Fig. 2: Proportion of TCR and BCR repertoires among ages and among phenotypes.
figure 2

Radar chart showing the proportions of the TCR and BCR repertories among ages (a) and among phenotypes (b).

Fig. 3: Clonal diversity of TCR and BCR repertoires among ages.
figure 3

(a) Radar chart showing a difference in clonal diversity of the TCR and BCR repertories among ages. (b, c) Differences in clonal diversity of the TCR (b) and BCR (c) repertoires among ages. A linear regression model was used to identify statistically significant increases or decreases in the clonal diversity of TCR and BCR repertoires among ages for each sex. The diversities of TCR repertories were significantly smaller at older ages in both sexes (b), whereas those of BCR repertories were significantly smaller at older ages only in male subjects at an adjusted P < 0.05 (c). Pearson correlation coefficient is represented by R.

Fig. 4: Clonal diversity of TCR and BCR repertories among phenotypes.
figure 4

(a) Radar chart showing a difference in clonal diversity of the TCR and BCR repertories among phenotypes. Difference in clonal diversity of the TCR (b) and BCR (c) repertoires among phenotypes. A linear regression model with adjustment for age and sex was used to identify statistically significant increases or decreases in the clonal diversity of TCR and BCR repertoires among phenotypes. The diversities of IGH, IGK, and TRA were statistically significantly smaller in those with AD progression at an adjusted P < 0.05 (b, c). Data are represented as box and whisker plots, depicting minimum, lower quartile (Q1), median (Q2), upper quartile (Q3), and maximum values (b, c).

Identification of differentially expressed genes

Of the 432 MCI patients whose samples were used in RNA-seq analysis, 145 were followed for at least 6 months and up to 6 years (mean ± SD, 896.0 ± 468.2 days), during which time 52 (35.86%) converted to AD (i.e., were classified as MCI-C), and the remaining 93 MCI patients (64.14%) were classified as MCI-NC. The average ages of the MCI-C and MCI-NC subjects were 76.4 years (SD = 5.6 years) and 76.9 years (SD = 6.3 years), and the percentages of male subjects were 37 and 42, respectively (Table 2).
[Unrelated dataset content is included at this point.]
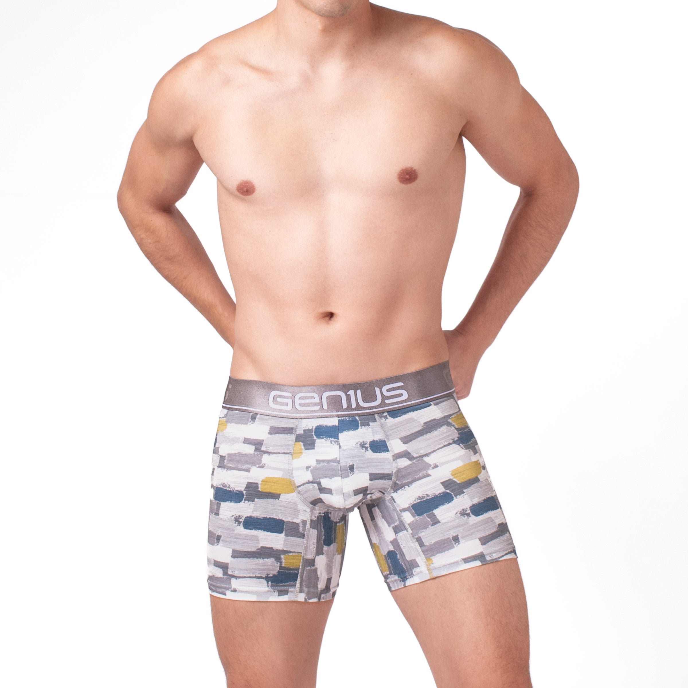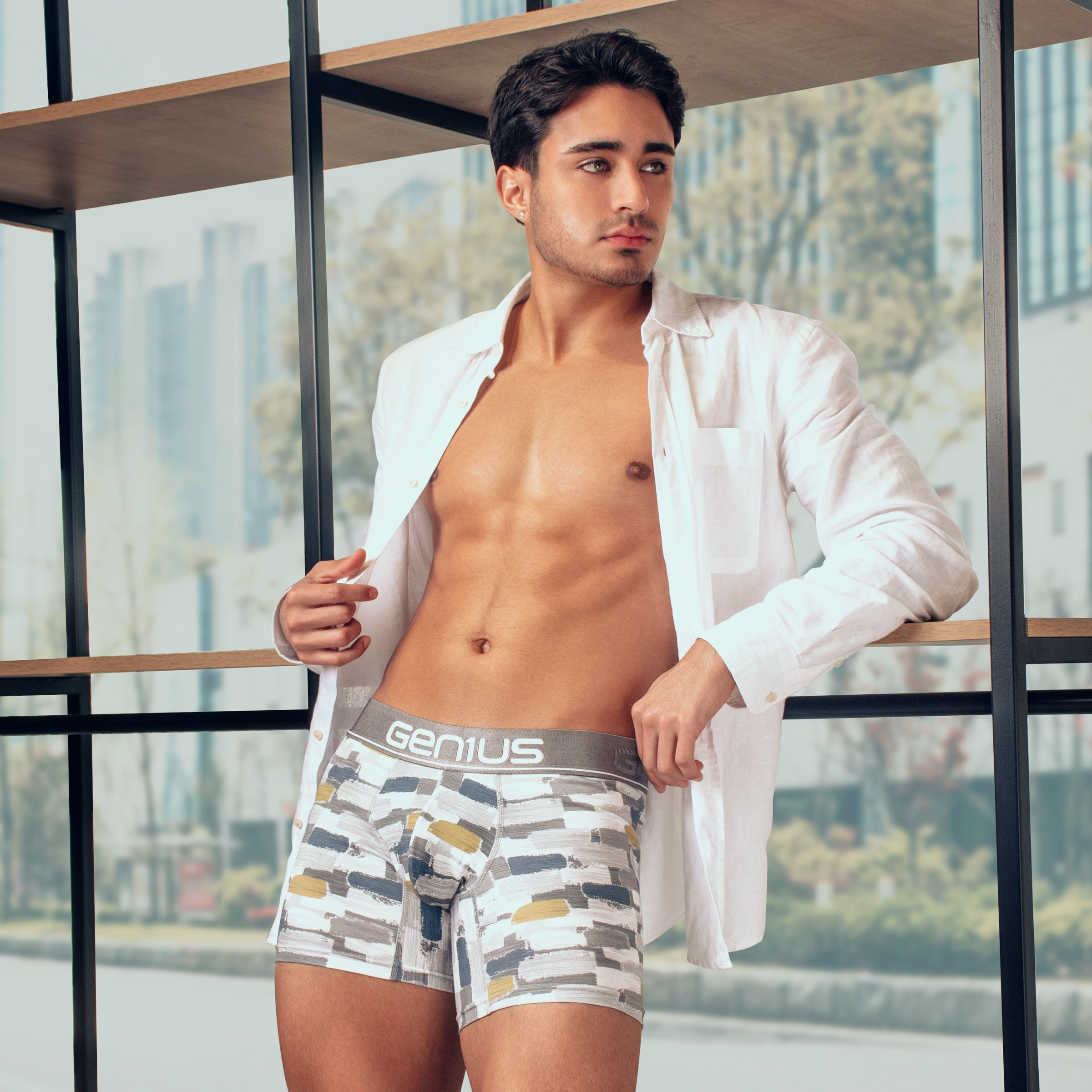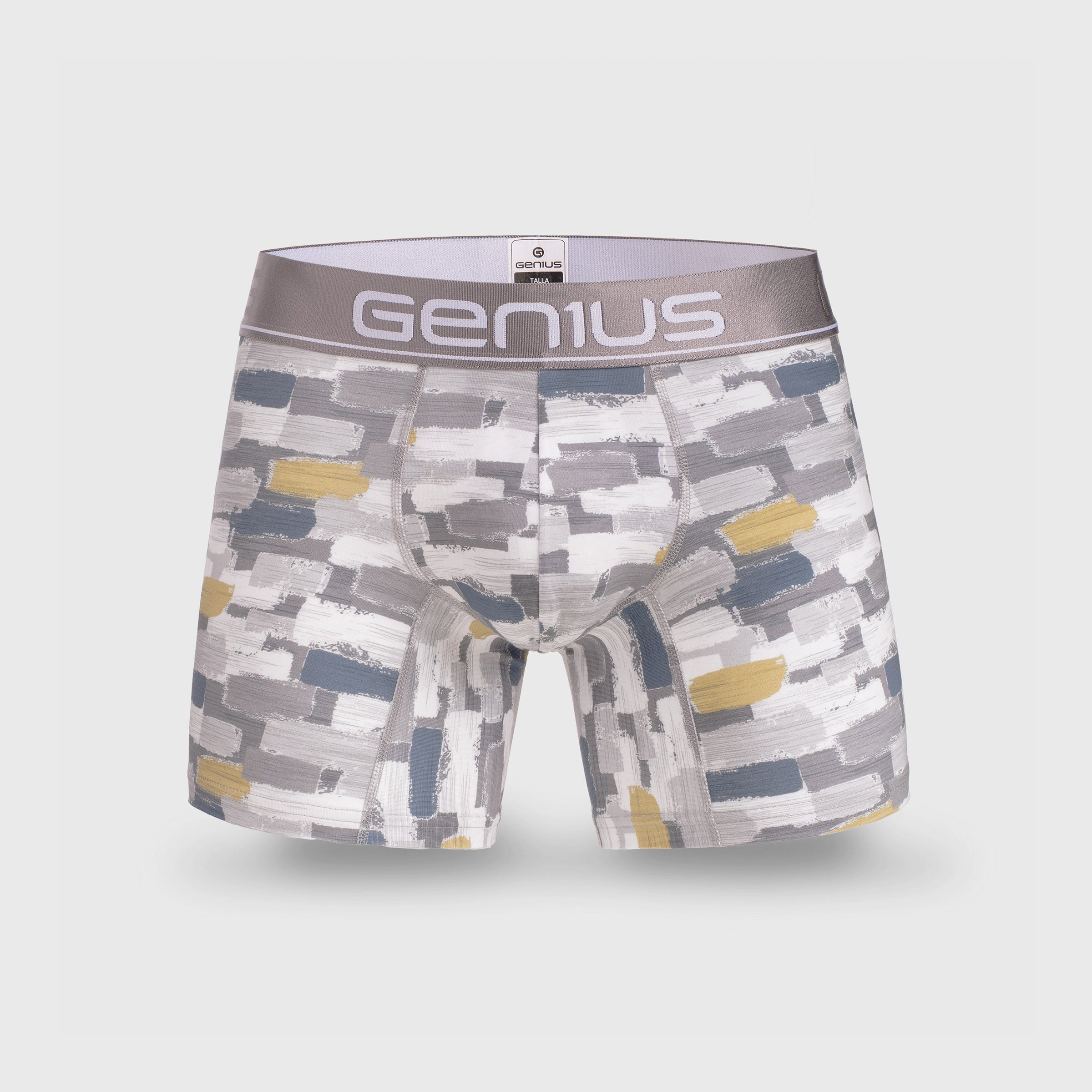 Boxer Óleo de Genius: inspirado en la fuerza del arte abstracto, con estampado tipo pinceladas en tonos modernos. Confeccionado en algodón peruano de alta calidad y con tecnología de estampado digital, ofrece suavidad, frescura y durabilidad en cada uso. Su pretina elástica ultrasuave asegura comodidad sin marcar la piel, mientras que su diseño artístico tipo brochazo convierte lo cotidiano en algo diferente y lleno de carácter.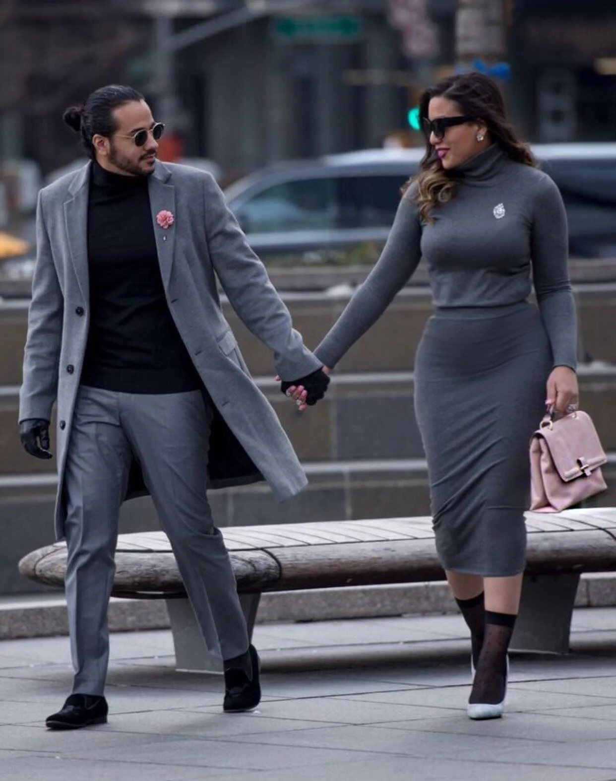 - Monochromatic: is a must of the season especially in grey, black, white and beige. The trick to using it correctly is to wear similar tones and never forget to give a splash of color with either lipstick for Women or a lapel pin for Men.

To identify biomarker candidates for early AD diagnosis, we examined DEGs between MCI-C and MCI-NC samples from 19,702 genes with a threshold of counts per million reads mapped (CPM) > 1 in more than one-fourth of all sequenced samples using the ‘exactTest’ function in edgeR. Although no DEGs were statistically different between groups (i.e., FDR < 0.05 and fold change > 1.2), we focused on two candidate genes, with Entrez Gene IDs, showing suggestive associations (i.e., FDR < 0.2 and fold change > 1.2: SPCS1, FC = 1.28, P = 1.43 × 10−5, FDR = 0.11; WDR37, FC = 1.30, P = 9.56 × 10−5, FDR = 0.11). The expression of these candidate genes was then validated in brain tissues as well as peripheral blood mononuclear cells from the Human Protein Atlas database31, which provides quantitative transcriptomics at the tissue and organ level and is publicly accessible at http://www.proteinatlas.org (Fig. 5a). We also examined the differential composition of immune-cell type and clonal diversity of TCR and BCR between MCI-C and MCI-NC samples, but no statistically significant differences were observed between the groups in the composition of immune-cell types and clonal diversity of TCRs and BCRs at a false discovery rate (FDR) < 0.05 (Supplementary Table 1).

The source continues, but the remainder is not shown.